‘Mrs Robinson, why have you got that bruise under your eye?’
‘Harriet, please. Don’t be nosy.’
Mrs Robinson gave a loud laugh and reached up and touched the mark. ‘It doesn’t matter. It’s nice to meet a curious child. I was a silly-bill, Harriet. At our house in Melbourne we have a big apple tree and last week we were pruning it – do you know what pruning is?’
Harriet shook her head, hating that her question was now being answered, while beside her Lara and Austin kept playing their game. She didn’t like Lara’s mother’s voice either. It was too high and she kept looking over at her husband when she was talking instead of looking at Harriet. She kept doing twitchy things with her fingers too. If Harriet had been at school doing that she would have been told off for wriggling.

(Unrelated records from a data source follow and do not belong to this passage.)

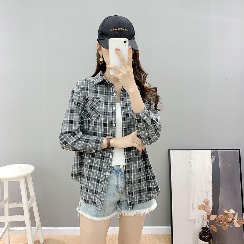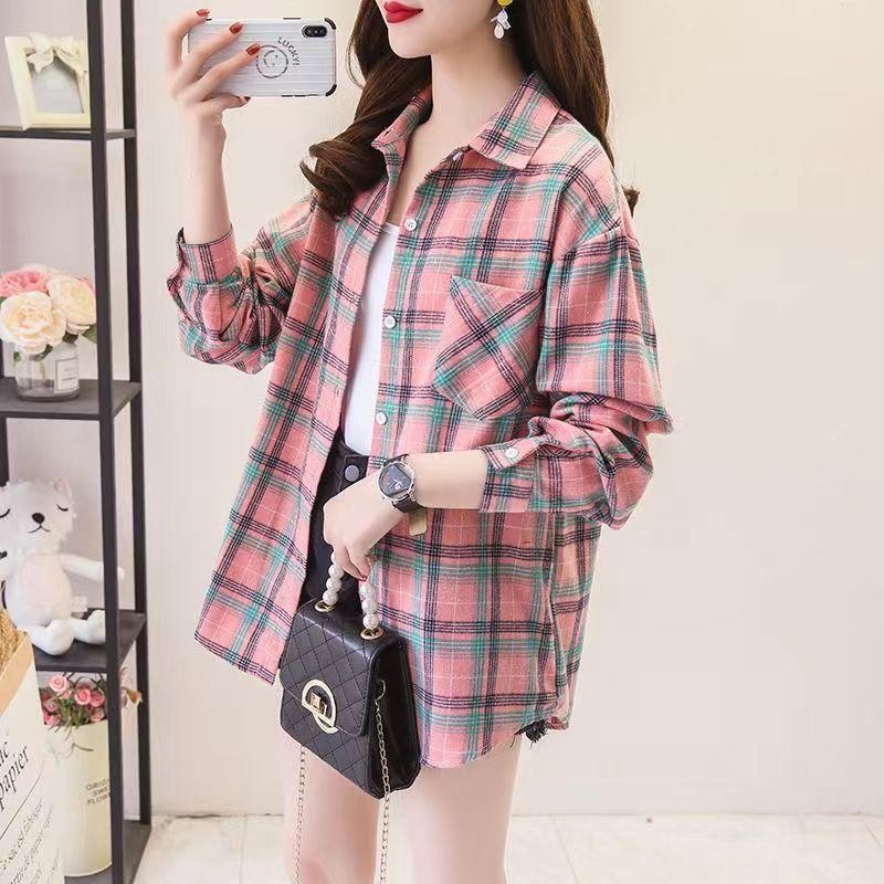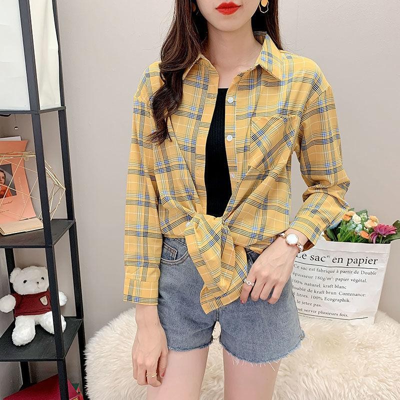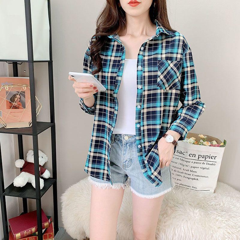 Women's Casual Striped Button-Up Shirt, Commute Plaid Print Long Sleeve Blouse, Checkered Design
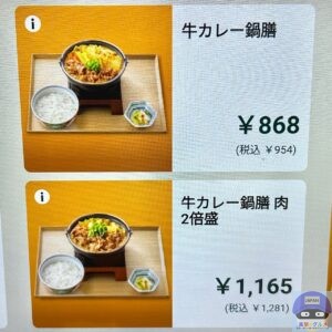 メニューは、「牛カレー鍋膳(954円)」、「牛カレー鍋・単品(844円)」があります。
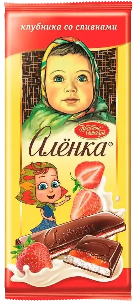 - Название на русском Шоколад Аленка с молочной и желейной начинкой Клубника со сливками
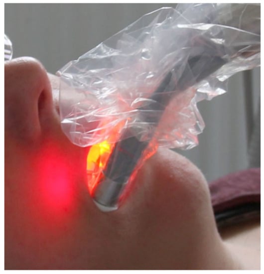 VIS + wIRA is a promising possibility with a high transgingival subcutaneous tissue penetration (2–3 cm), which allows for the exposure of the periodontal pockets [,,]. Besides, VIS in combination with wIRA has a low thermal surface load, allowing for the transport of high energy into tissues []. Furthermore, VIS + wIRA leads to an increase of the tissue temperature in the deep, oxygen partial pressure in the treated tissue and tissue perfusion, which also transports the warmth to the surrounding tissues, showing improved healing of chronic wounds after application and association with pain reduction [,].
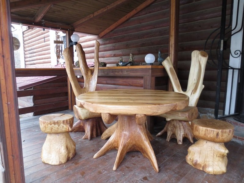- Вот такой чудесный комплект можно сделать из пней и коряг. Покрыл лаком — и готово.
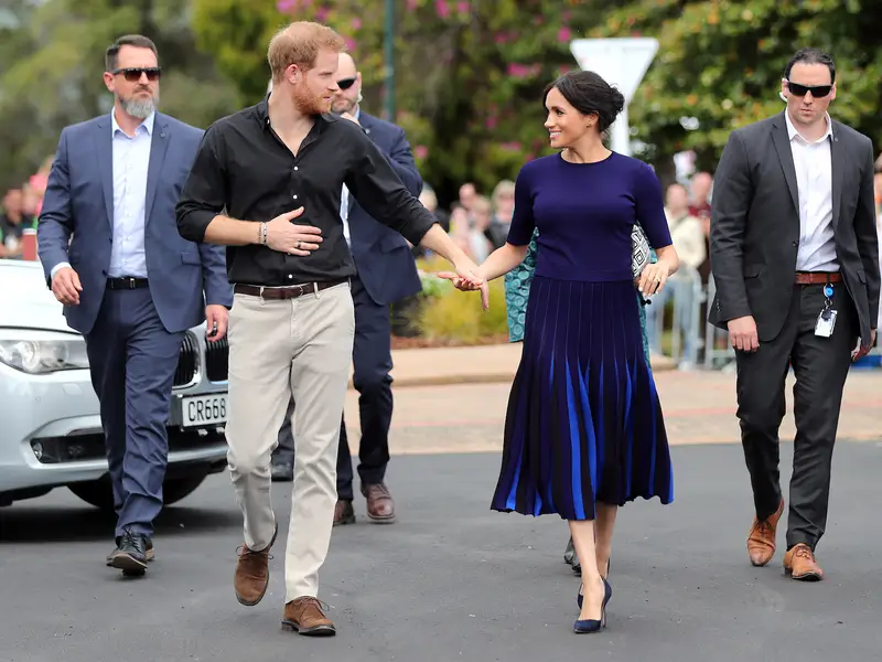 One of the things Meghan wore during her royal tour in 2018 was a royal blue Givenchy outfit. The look featured a long pleated blue skirt that photographed weird. In some photos it seemed like it was a bit see-through, while in others the trail looked unquestionably solid. It’s actually impossible to tell if the fabric looked sheer due to lighting and camera angles or not, but people like to talk, so it still made headlines.
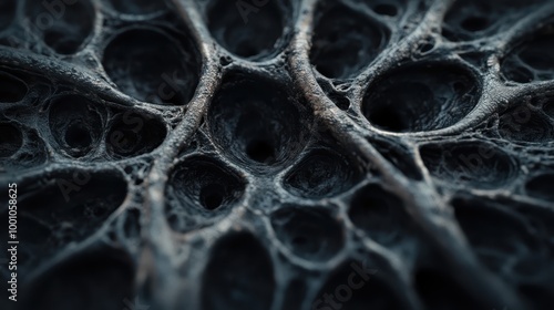 The watermark will not be included on Wall mural.: A close-up view of a complex, dark biological or synthetic texture, featuring an intricate pattern o
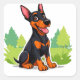 Pegatina Cuadrada Alegre Personalizado Doberman sentado al aire libr
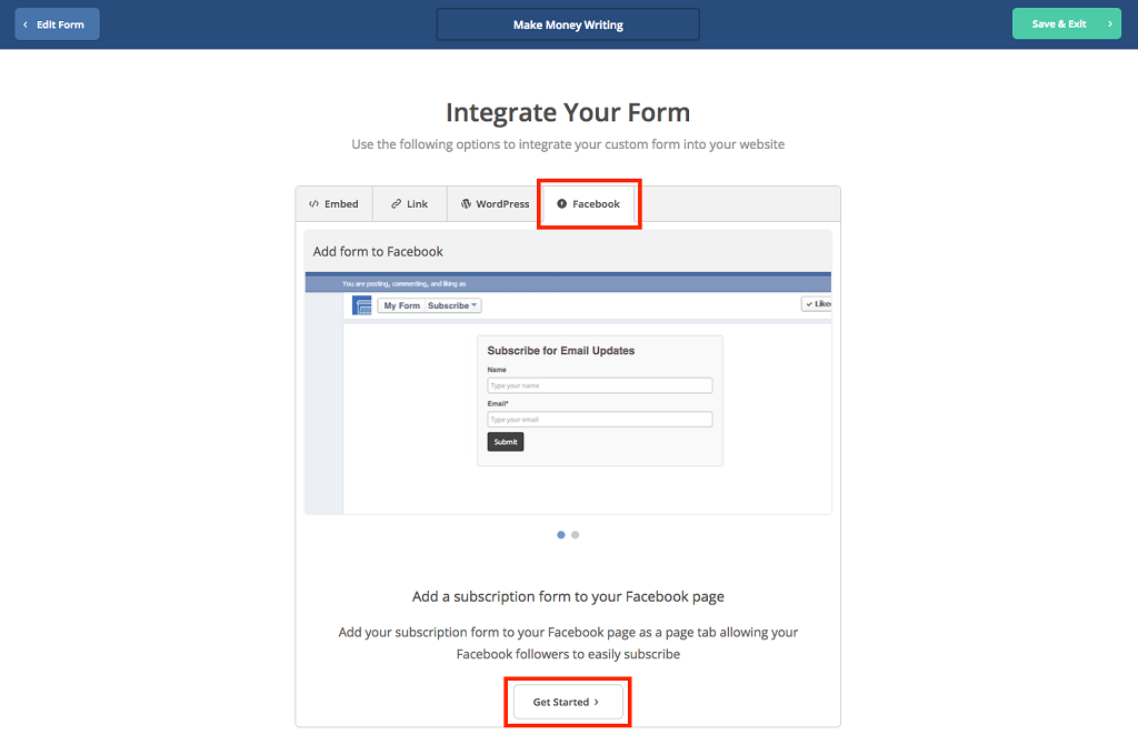 您也可以選擇把表格整合到您的Facebook專頁,這樣便可以從Facebook中收集聯絡人數據。在表格整合(Integrate)的Facebook選項中,點擊開始整合(Get Started)。
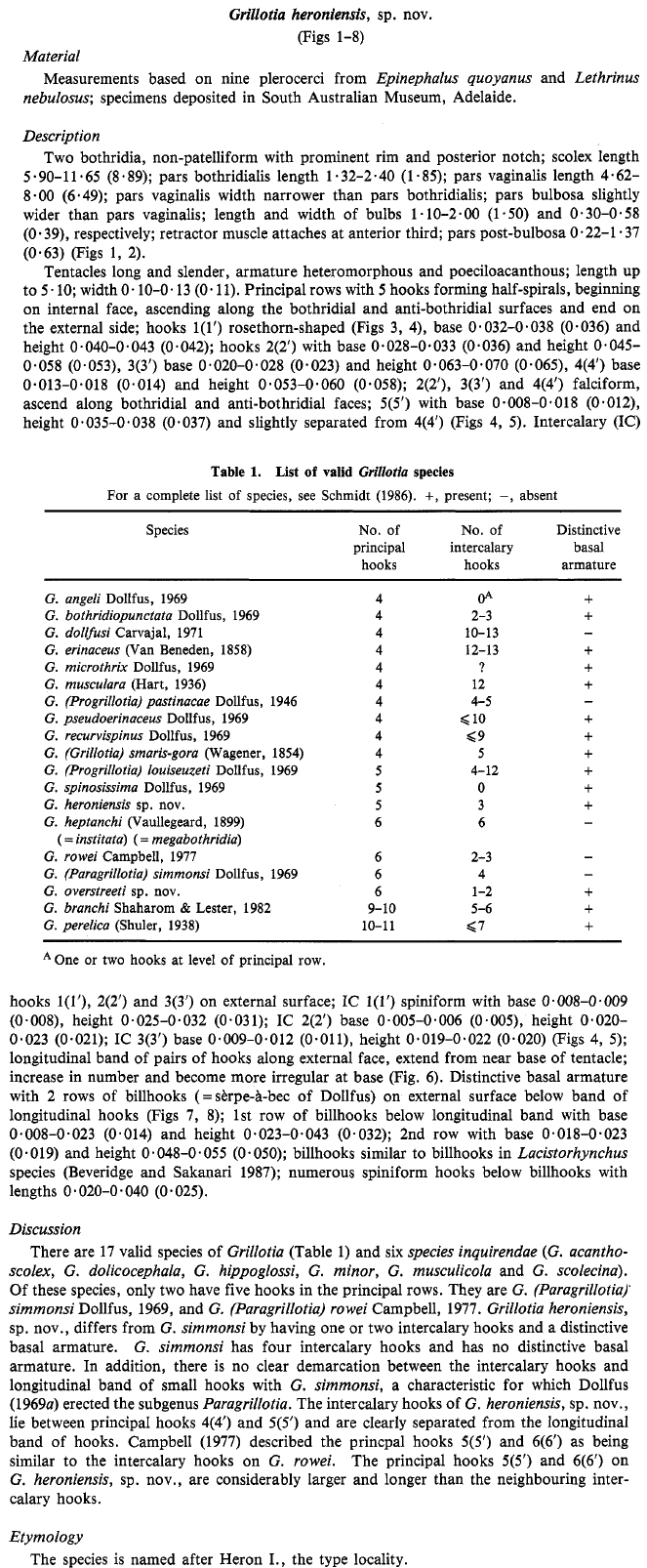 Sakanari, J.. 1989. Grillotia heroniensis, sp. nov., and G. overstreeti, sp. nov., (Cestoda: Trypanorhyncha) from Great Barrier Reef fishes. Australian Journal of Zoology 37: 81-87. (4346) Download PDF |

‘It means cutting back the branches and dead wood, so that all the new spring growth can come and there’ll be plenty of apples. I pulled down a big branch and thought I had it and it went ping,’ another laugh, ‘well, not so much ping as splat. It hit me right in the eye and sent me flying.’
She was torn between her curiosity and wanting to join in with Lara and Austin. ‘Is that why Lara came to stay with us? Because of the tree?’
‘Harriet, please.’ It was her mother.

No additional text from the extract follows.